The JOSS submission bot @whedon is here to help you find and assign reviewers and start the main review. To find out what @whedon can do for you type:

@whedon commands
whedon commented 4 years ago

Hello human, I'm @whedon, a robot that can help you with some common editorial tasks.

For a list of things I can do to help you, just type:

@whedon commands

For example, to regenerate the paper pdf after making changes in the paper's md or bib files, type:

@whedon generate pdf
whedon commented 4 years ago
Software report (experimental):

github.com/AlDanial/cloc v 1.84  T=0.03 s (507.4 files/s, 25972.0 lines/s)
-------------------------------------------------------------------------------
Language                     files          blank        comment           code
-------------------------------------------------------------------------------
R                                9             38            122            194
Markdown                         4             37              0            138
TeX                              2             13              0            123
Rmd                              1             32             95             27
-------------------------------------------------------------------------------
SUM:                            16            120            217            482
-------------------------------------------------------------------------------

Statistical information for the repository '2037' was gathered on 2020/01/22.
No commited files with the specified extensions were found.
whedon commented 4 years ago
Reference check summary:

OK DOIs

- 10.2307/1884282 is OK
- 10.1177/1847979018808673 is OK
- 10.18637/jss.v074.i11 is OK

MISSING DOIs

- None

INVALID DOIs

- None
whedon commented 4 years ago

:point_right: Check article proof :page_facing_up: :point_left:

labarba commented 4 years ago

👋 @SidharthMacherla — thanks for your submission to JOSS. From a quick inspection of this submission it's not entirely obvious that it meets our submission criteria.

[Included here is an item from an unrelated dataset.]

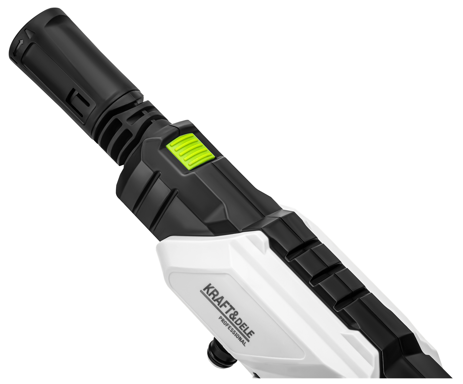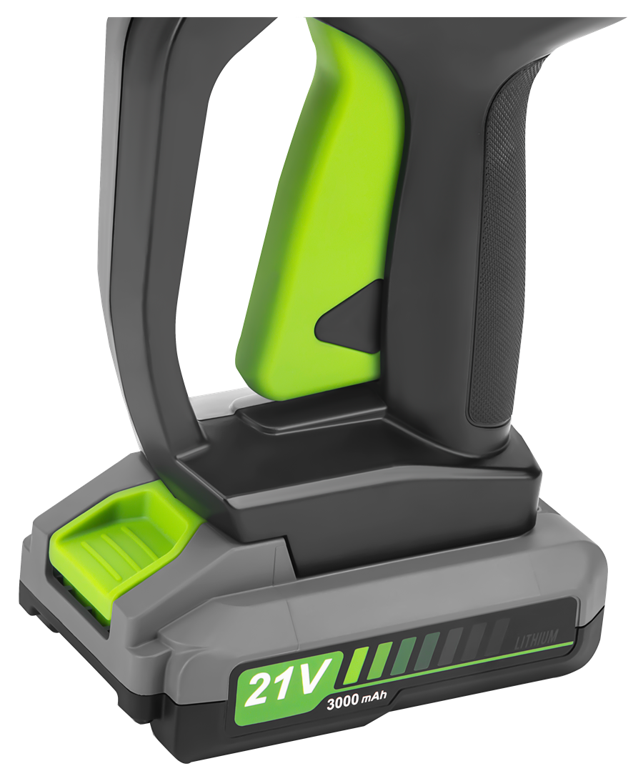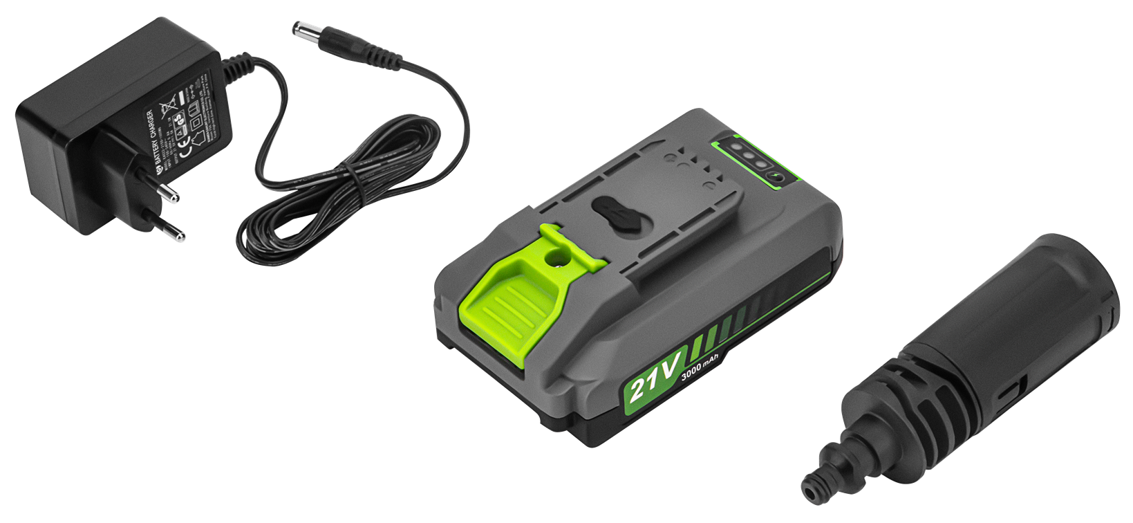 Ogniwa litowo-jonowe o pojemności 3000mAh zapewniają autonomię pracy bez konieczności podłączania do sieci. Napięcie 21V przekłada się na wystarczającą moc pompy do generowania ciśnienia roboczego 60 bar. Ładowarka wyposażona jest w diody LED sygnalizujące stan naładowania: czerwona — ładowanie w toku, zielona — akumulator gotowy do pracy.

In particular, this item:

  • Your software should have an obvious research application

As described, it looks like the target applications are in data science in commercial settings. Can you elaborate how this would be used in research settings, and how might cite it?

SidharthMacherla commented 4 years ago

Hi @labarba , This paper details synthetic data methodology. The concept of synthetic data generation has application in research setting. To elaborate, synthetic data generation is used in testing new algorithms proposed by researchers. Following are some examples that could be cited. I will be happy to help you with any further clarifications.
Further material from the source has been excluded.